- _Problem details_: The response should repeat word for word every line below from the one with "Jaipuri Print Frock" to the one with "7.2.10 Hartley Relaxed", inclusive, and nothing else; leave pictures out.

- _Material for this exercise_:

Start of Block

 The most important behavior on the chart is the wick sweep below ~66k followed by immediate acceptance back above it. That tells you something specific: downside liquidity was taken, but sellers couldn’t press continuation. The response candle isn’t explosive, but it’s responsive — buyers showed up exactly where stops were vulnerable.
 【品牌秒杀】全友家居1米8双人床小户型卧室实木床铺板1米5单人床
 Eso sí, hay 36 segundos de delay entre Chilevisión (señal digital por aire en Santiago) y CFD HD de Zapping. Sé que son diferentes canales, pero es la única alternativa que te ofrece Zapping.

End of Block
Start of Block

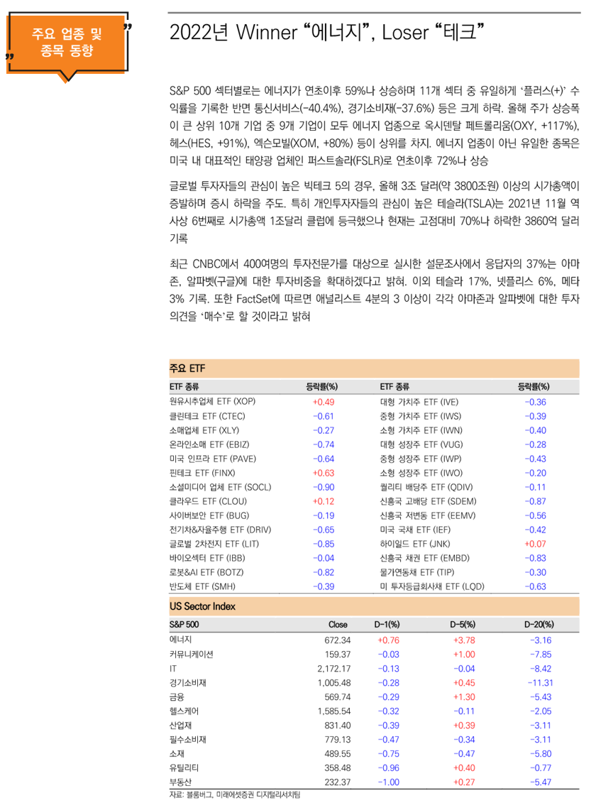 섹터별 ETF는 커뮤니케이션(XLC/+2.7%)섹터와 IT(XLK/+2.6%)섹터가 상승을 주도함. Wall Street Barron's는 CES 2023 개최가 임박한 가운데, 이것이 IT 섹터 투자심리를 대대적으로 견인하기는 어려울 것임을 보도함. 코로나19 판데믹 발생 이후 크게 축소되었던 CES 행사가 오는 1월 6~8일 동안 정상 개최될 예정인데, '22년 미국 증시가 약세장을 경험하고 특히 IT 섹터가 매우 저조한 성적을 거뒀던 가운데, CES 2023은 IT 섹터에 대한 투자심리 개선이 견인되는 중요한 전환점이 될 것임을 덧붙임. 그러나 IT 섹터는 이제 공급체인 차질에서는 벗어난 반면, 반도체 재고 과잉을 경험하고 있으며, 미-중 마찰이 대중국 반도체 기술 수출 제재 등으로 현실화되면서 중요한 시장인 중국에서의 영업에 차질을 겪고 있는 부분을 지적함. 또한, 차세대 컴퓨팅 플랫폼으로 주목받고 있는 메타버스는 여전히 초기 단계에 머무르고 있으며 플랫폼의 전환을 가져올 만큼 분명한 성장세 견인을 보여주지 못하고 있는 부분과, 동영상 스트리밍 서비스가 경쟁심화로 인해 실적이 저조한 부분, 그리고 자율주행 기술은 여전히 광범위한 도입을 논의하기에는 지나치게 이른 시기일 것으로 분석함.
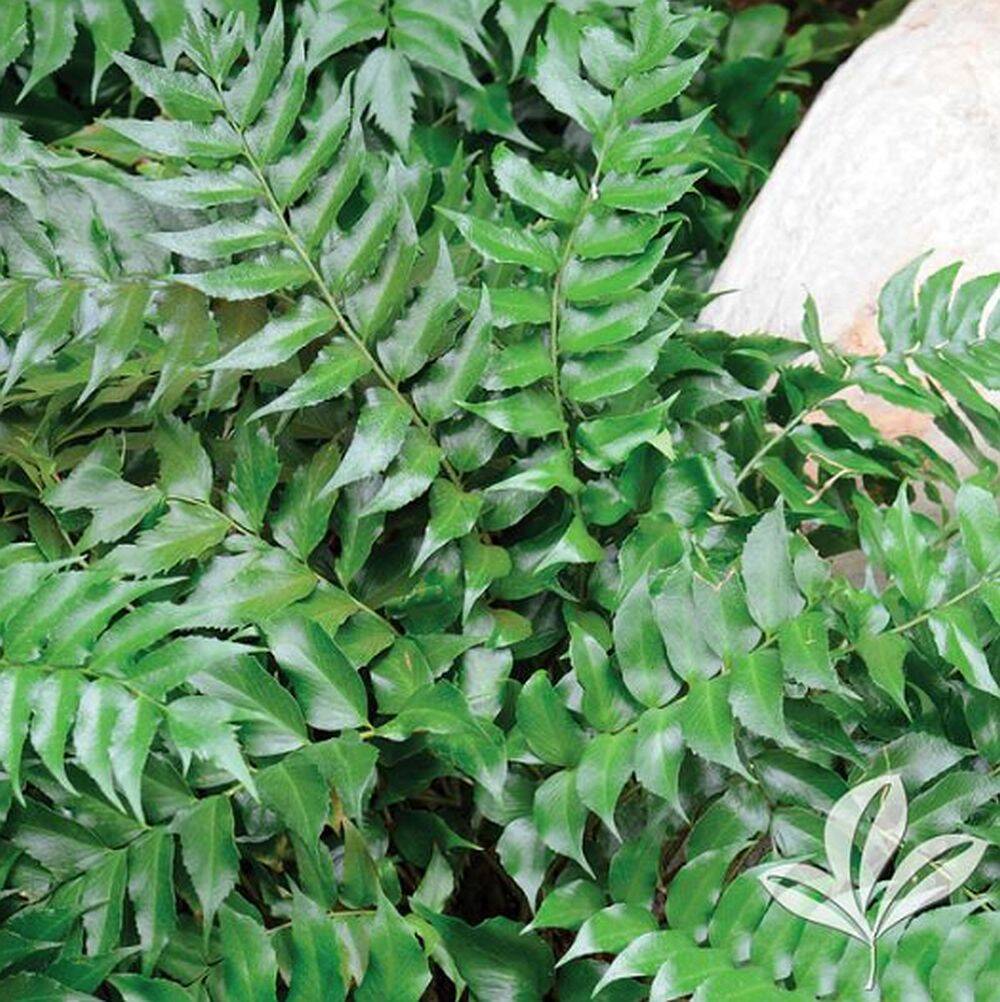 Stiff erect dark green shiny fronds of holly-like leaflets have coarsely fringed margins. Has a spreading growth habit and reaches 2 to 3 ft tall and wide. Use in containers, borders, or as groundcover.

End of Block
Start of Block

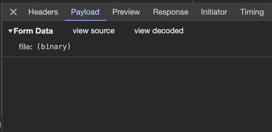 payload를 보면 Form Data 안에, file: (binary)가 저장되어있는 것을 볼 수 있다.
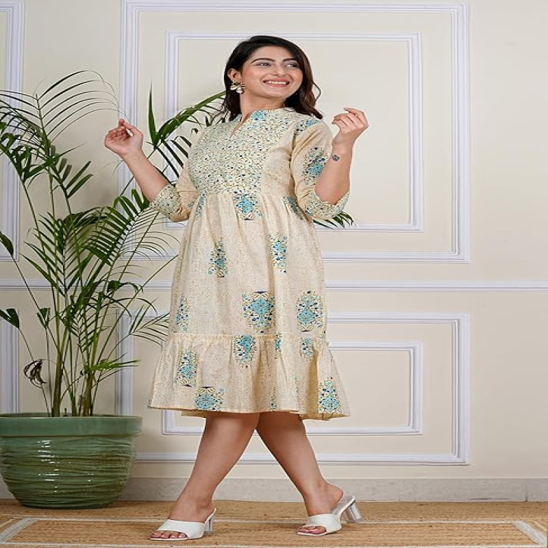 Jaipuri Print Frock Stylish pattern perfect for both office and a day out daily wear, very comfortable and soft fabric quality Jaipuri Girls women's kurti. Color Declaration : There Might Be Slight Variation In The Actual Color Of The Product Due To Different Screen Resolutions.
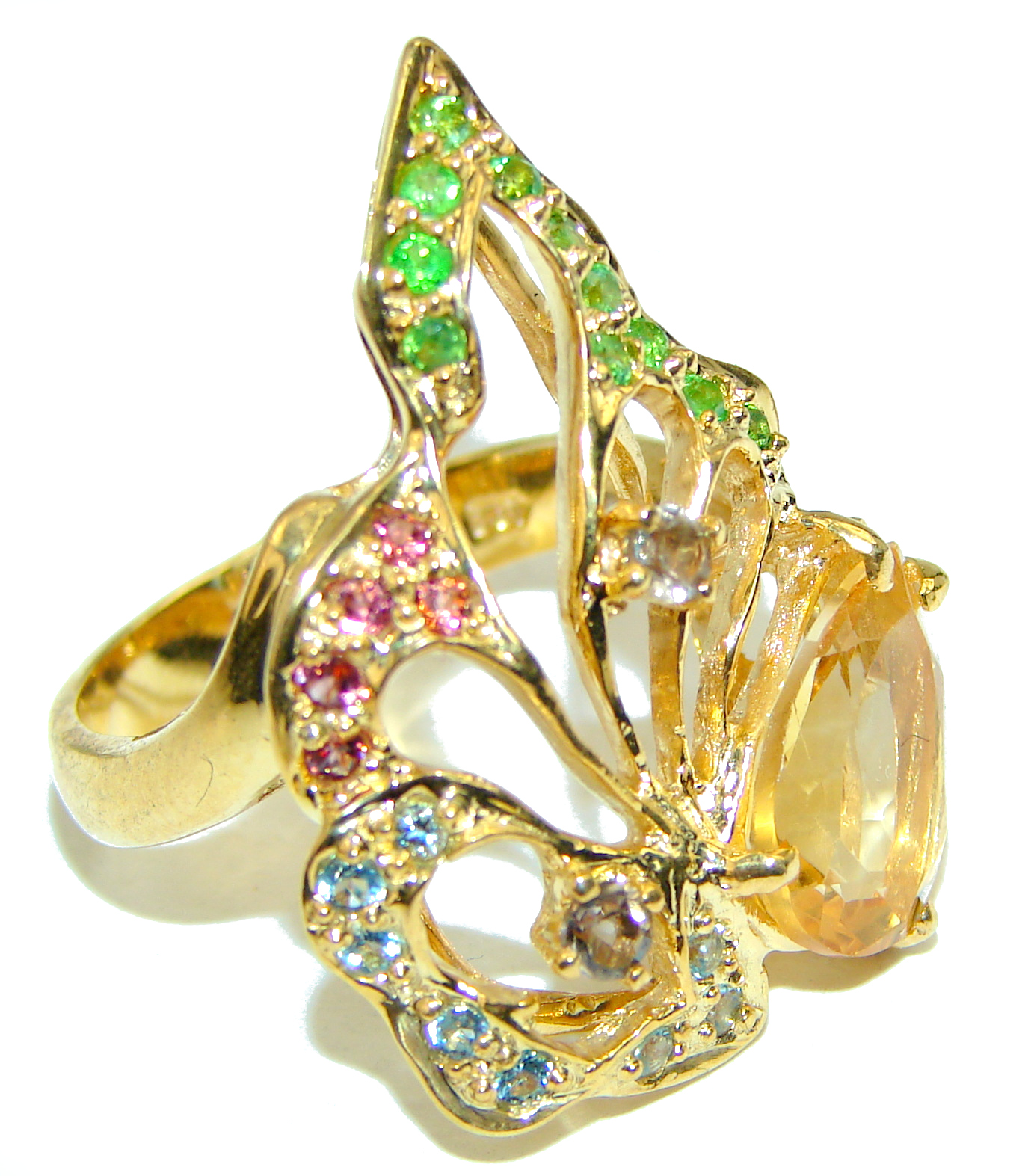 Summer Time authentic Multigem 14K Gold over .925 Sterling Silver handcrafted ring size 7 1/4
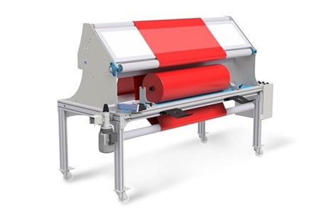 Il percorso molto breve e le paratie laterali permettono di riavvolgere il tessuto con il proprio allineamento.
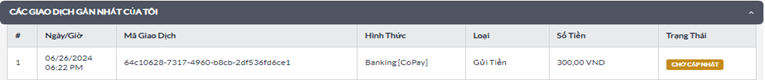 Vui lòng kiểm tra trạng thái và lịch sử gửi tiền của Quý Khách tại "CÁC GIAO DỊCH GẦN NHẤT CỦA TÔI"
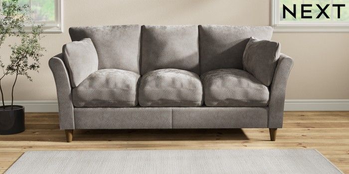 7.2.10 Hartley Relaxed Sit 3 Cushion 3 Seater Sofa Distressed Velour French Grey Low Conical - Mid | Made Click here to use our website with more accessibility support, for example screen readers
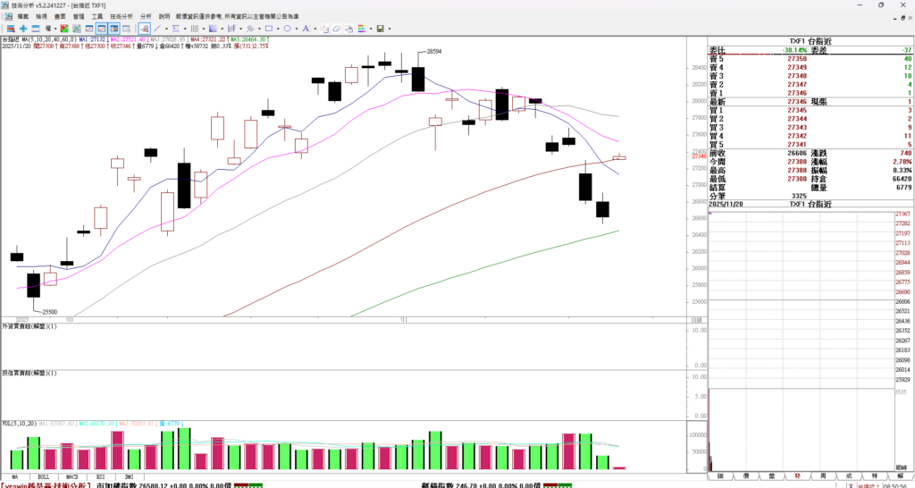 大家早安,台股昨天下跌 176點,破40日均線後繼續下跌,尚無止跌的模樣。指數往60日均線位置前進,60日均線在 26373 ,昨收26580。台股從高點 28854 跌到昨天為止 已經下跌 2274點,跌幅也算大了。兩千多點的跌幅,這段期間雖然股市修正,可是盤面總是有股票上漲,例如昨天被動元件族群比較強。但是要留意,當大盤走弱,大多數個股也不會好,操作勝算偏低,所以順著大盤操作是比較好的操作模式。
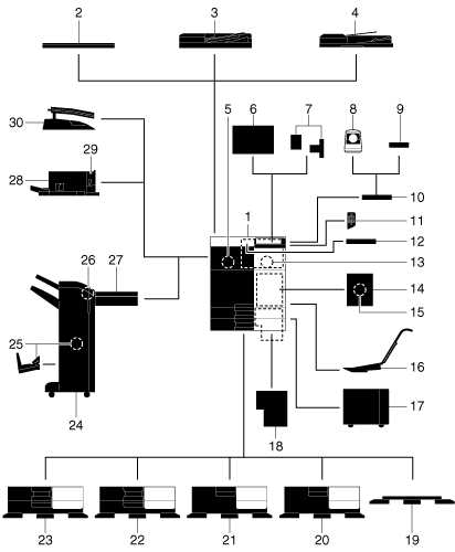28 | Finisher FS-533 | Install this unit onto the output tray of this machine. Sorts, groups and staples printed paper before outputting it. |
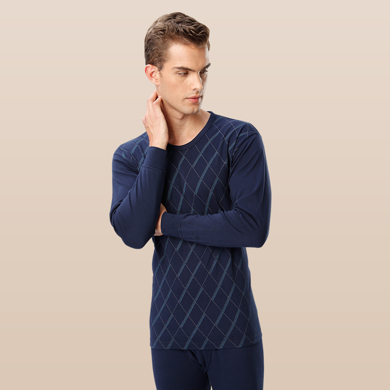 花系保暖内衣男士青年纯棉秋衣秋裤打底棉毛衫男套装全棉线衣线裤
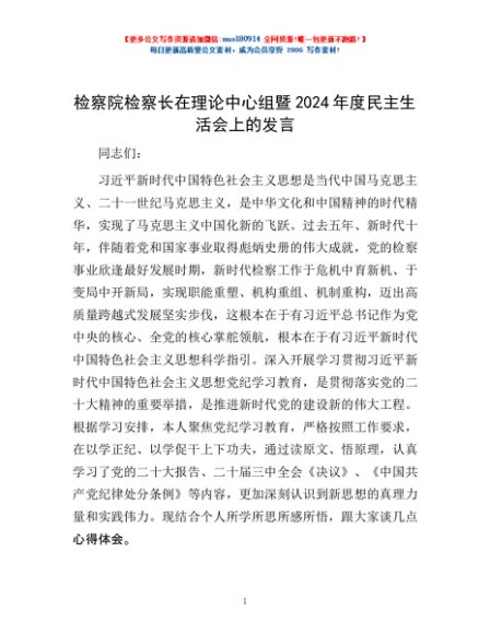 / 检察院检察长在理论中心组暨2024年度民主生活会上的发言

End of Block

- _Reply_:
 Jaipuri Print Frock Stylish pattern perfect for both office and a day out daily wear, very comfortable and soft fabric quality Jaipuri Girls women's kurti. Color Declaration : There Might Be Slight Variation In The Actual Color Of The Product Due To Different Screen Resolutions.
 Summer Time authentic Multigem 14K Gold over .925 Sterling Silver handcrafted ring size 7 1/4
 Il percorso molto breve e le paratie laterali permettono di riavvolgere il tessuto con il proprio allineamento.
 Vui lòng kiểm tra trạng thái và lịch sử gửi tiền của Quý Khách tại "CÁC GIAO DỊCH GẦN NHẤT CỦA TÔI"
 7.2.10 Hartley Relaxed Sit 3 Cushion 3 Seater Sofa Distressed Velour French Grey Low Conical - Mid | Made Click here to use our website with more accessibility support, for example screen readers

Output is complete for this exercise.